Supplied information.
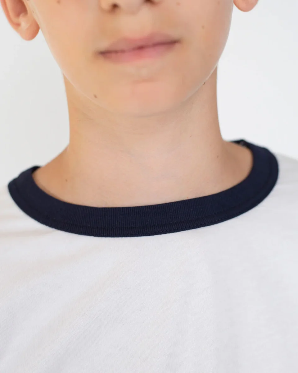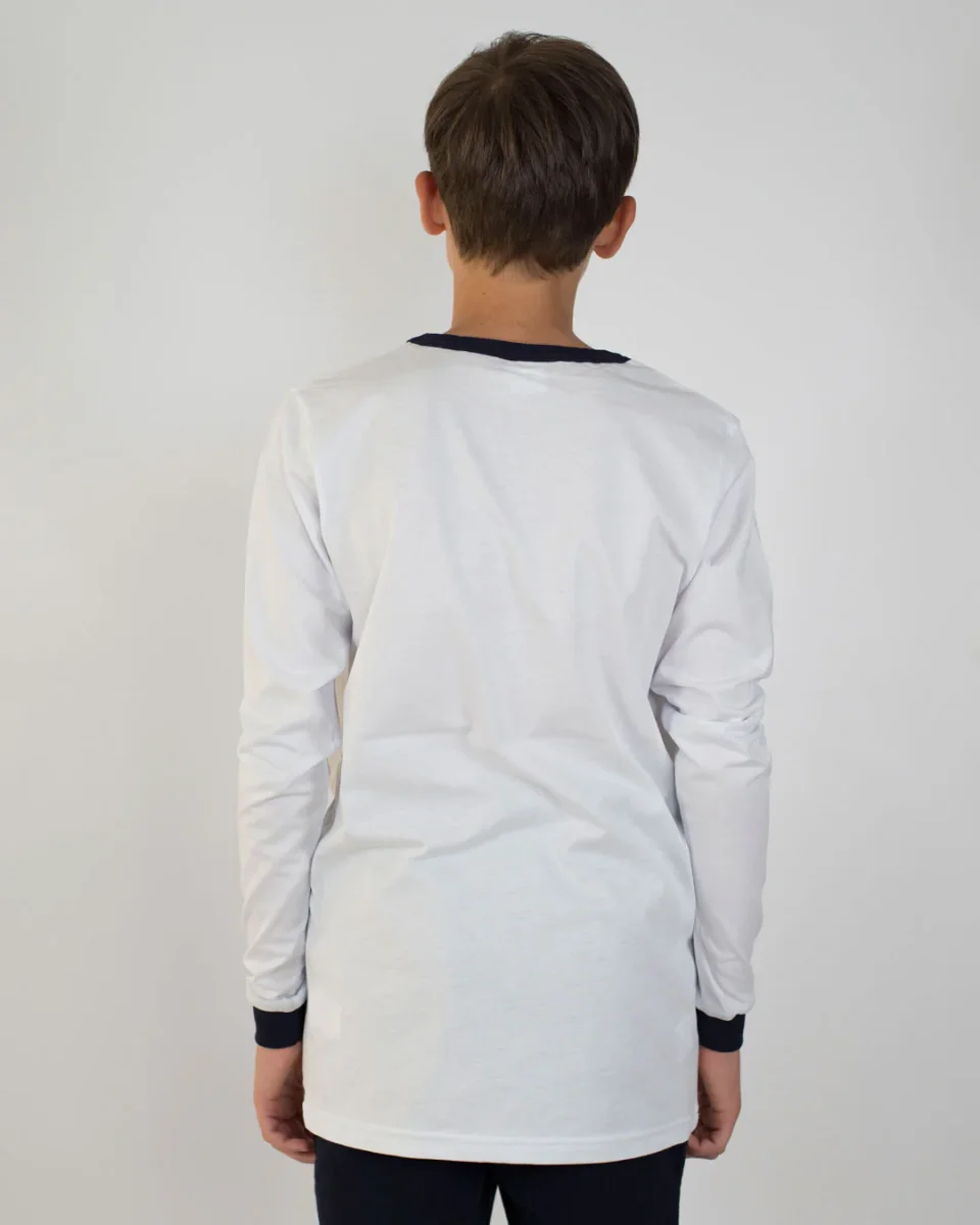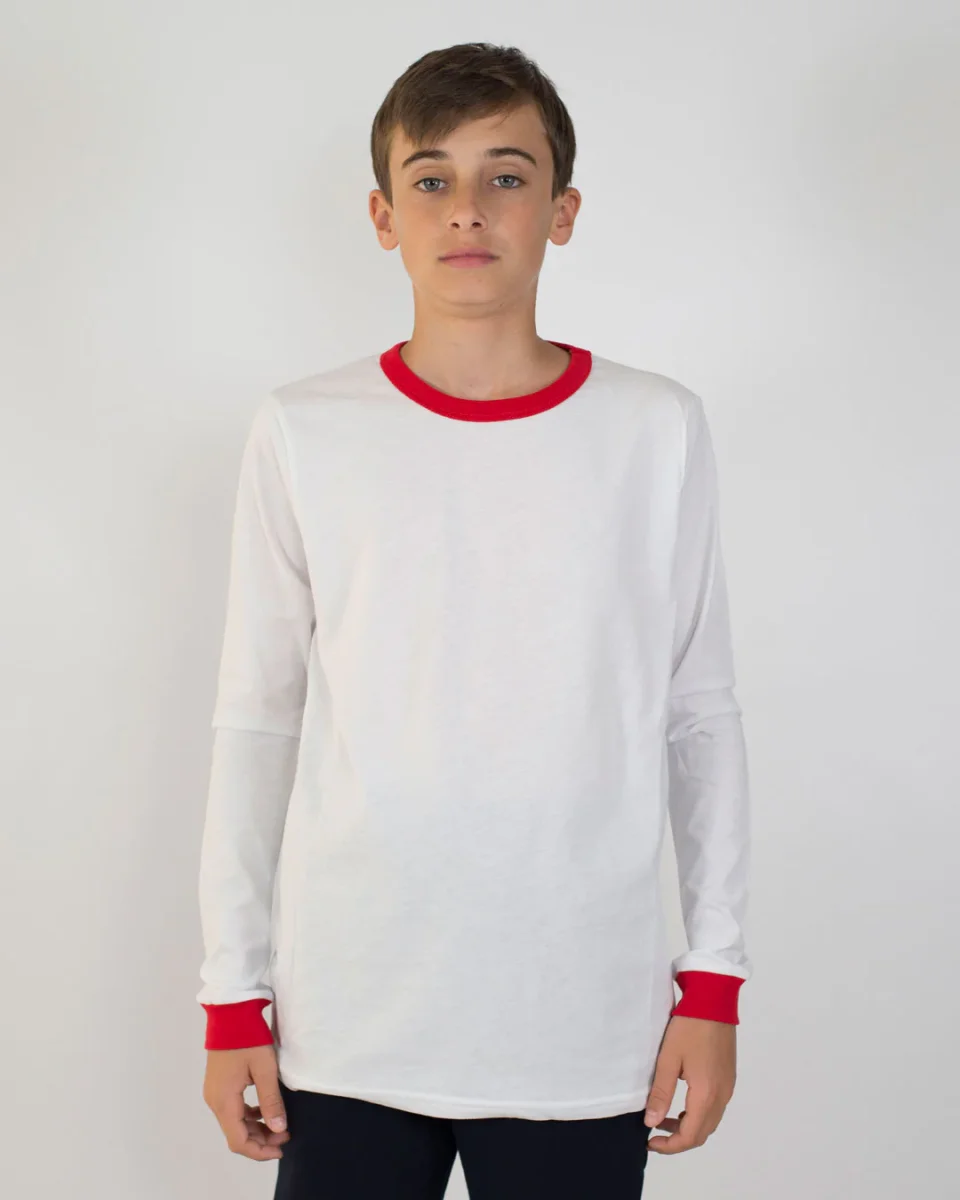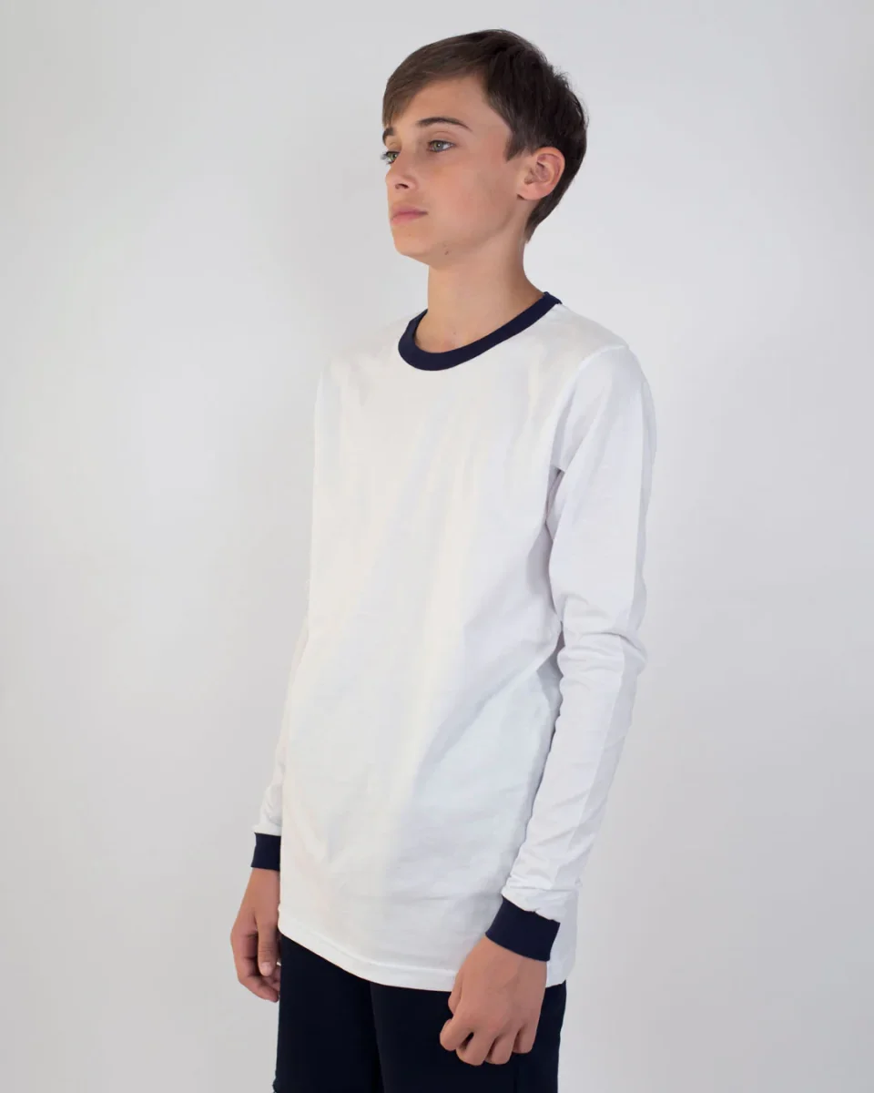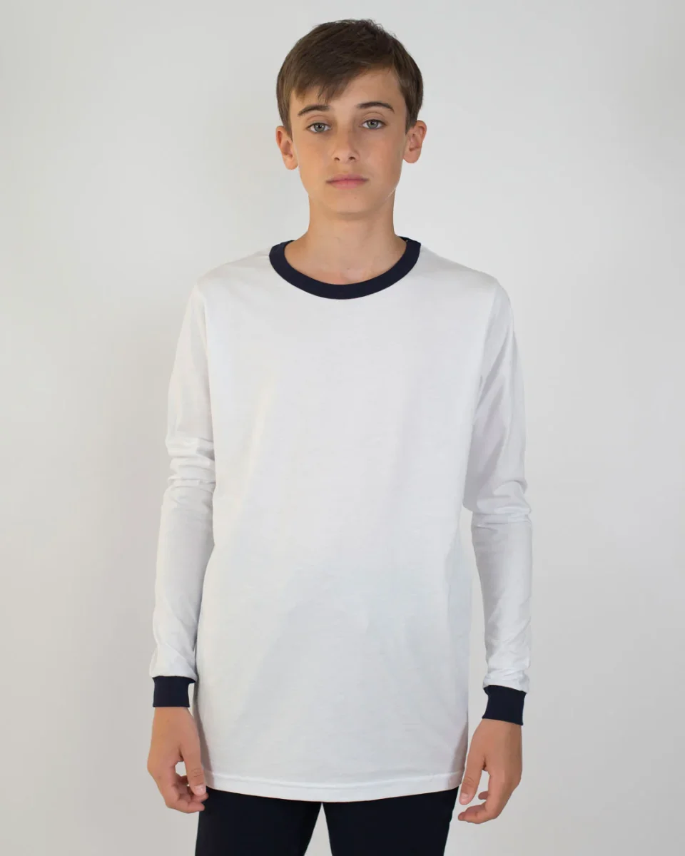 Maglia bambino manica lunga 100% cotone 140 gr. Bicolore in contrasto al collo e bordo manica. Prodotto Made in Italy.
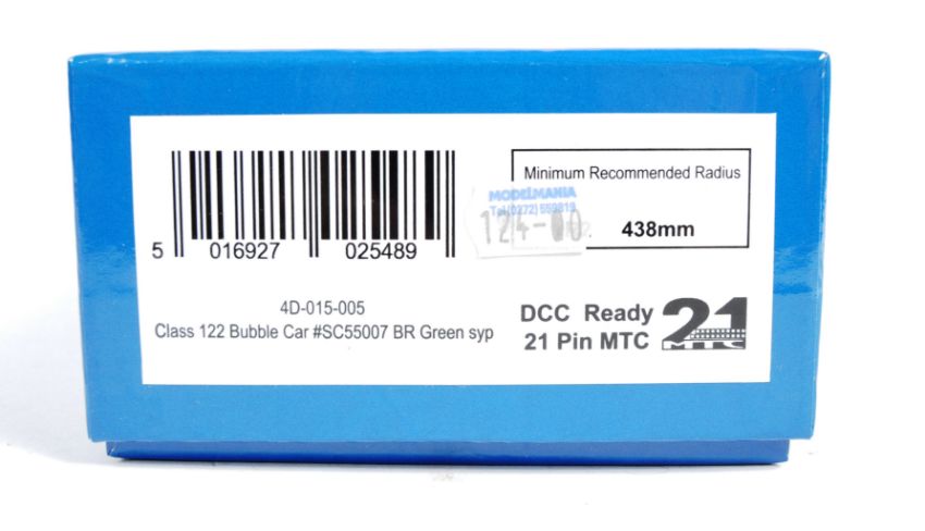 A Dapol 00 / OO Gauge model railway trainset DCC Ready locomotive 4D-015-005 Class 122 Bubble Car ~SC55007 BR Green Syp. Appears mint and unused in the original box.
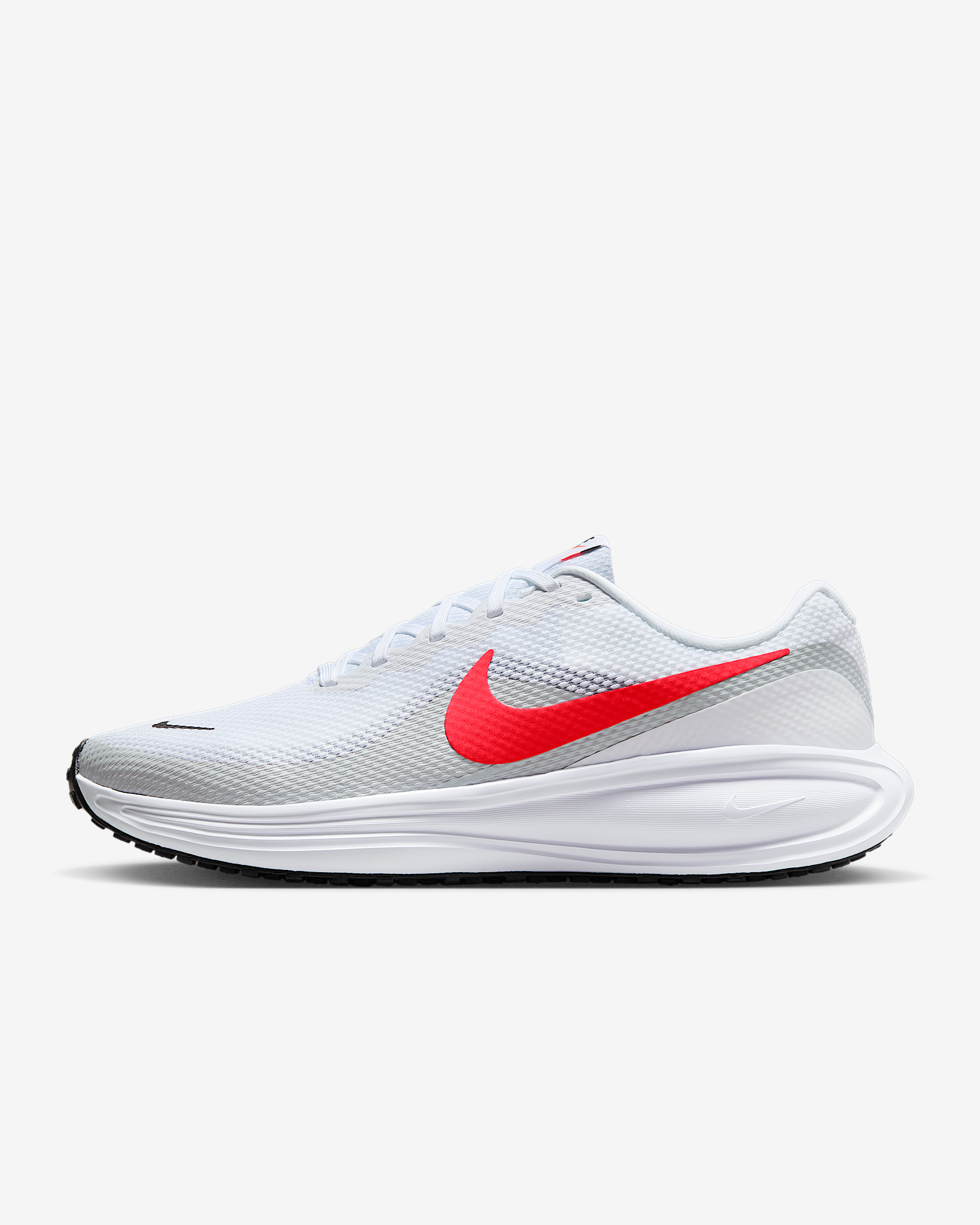 The Revolution 8 is an evolution of your faithful favorite. Every stride is cushioned thanks to a foam midsole and a flexible forefoot that makes your steps soft. Plus, the mesh upper is even more breathable than previous iteration, so you can run in cool, collected comfort. Product Details - Weight: Approx. 292g/10.3oz (Men's US 10) - Heel-to-toe drop: 10mm - Shown: White/Pure Platinum/Black/Bright Crimson - Style: HQ1996-100
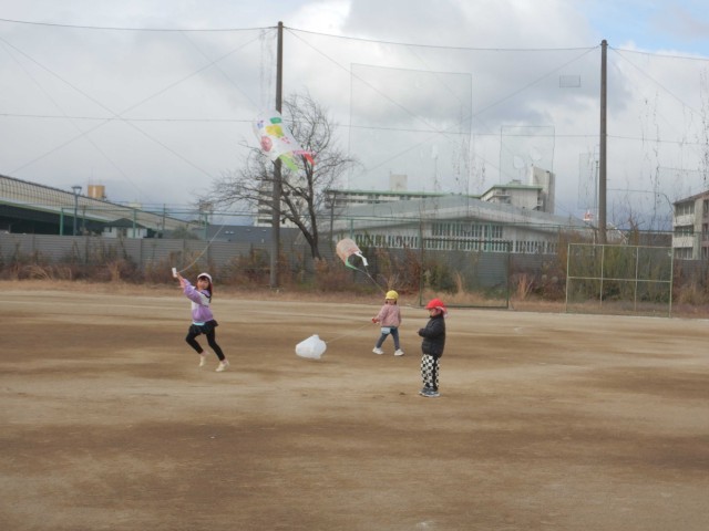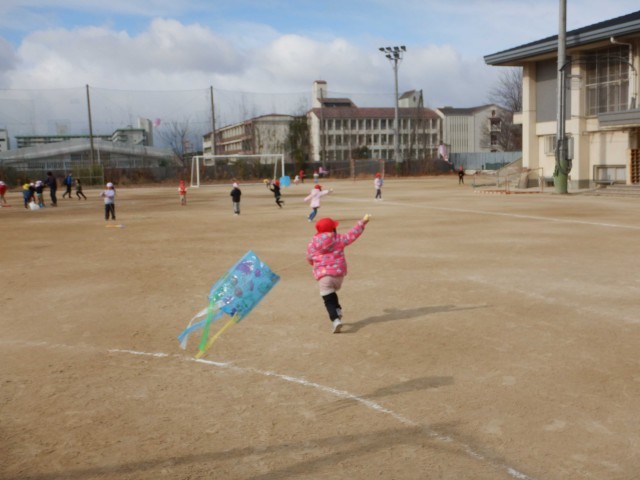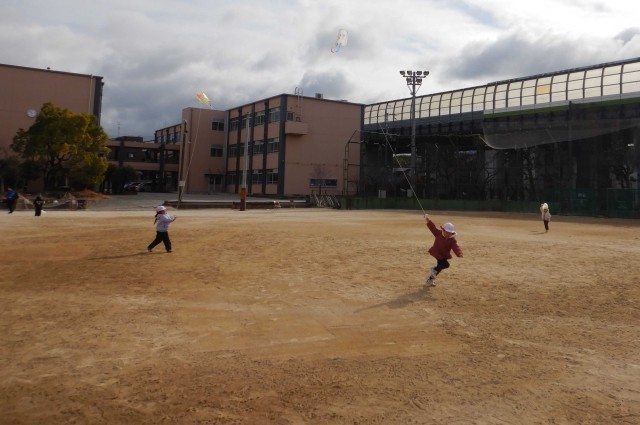 中学校のグラウンドで凧揚げをしたよ(3・4・5歳児)

What the task asks. Copy out exactly the lines from the one with "The Revolution 8" through the end of the listing, both ends included, omitting any picture.

Exercise response.
 The Revolution 8 is an evolution of your faithful favorite. Every stride is cushioned thanks to a foam midsole and a flexible forefoot that makes your steps soft. Plus, the mesh upper is even more breathable than previous iteration, so you can run in cool, collected comfort. Product Details - Weight: Approx. 292g/10.3oz (Men's US 10) - Heel-to-toe drop: 10mm - Shown: White/Pure Platinum/Black/Bright Crimson - Style: HQ1996-100
 中学校のグラウンドで凧揚げをしたよ(3・4・5歳児)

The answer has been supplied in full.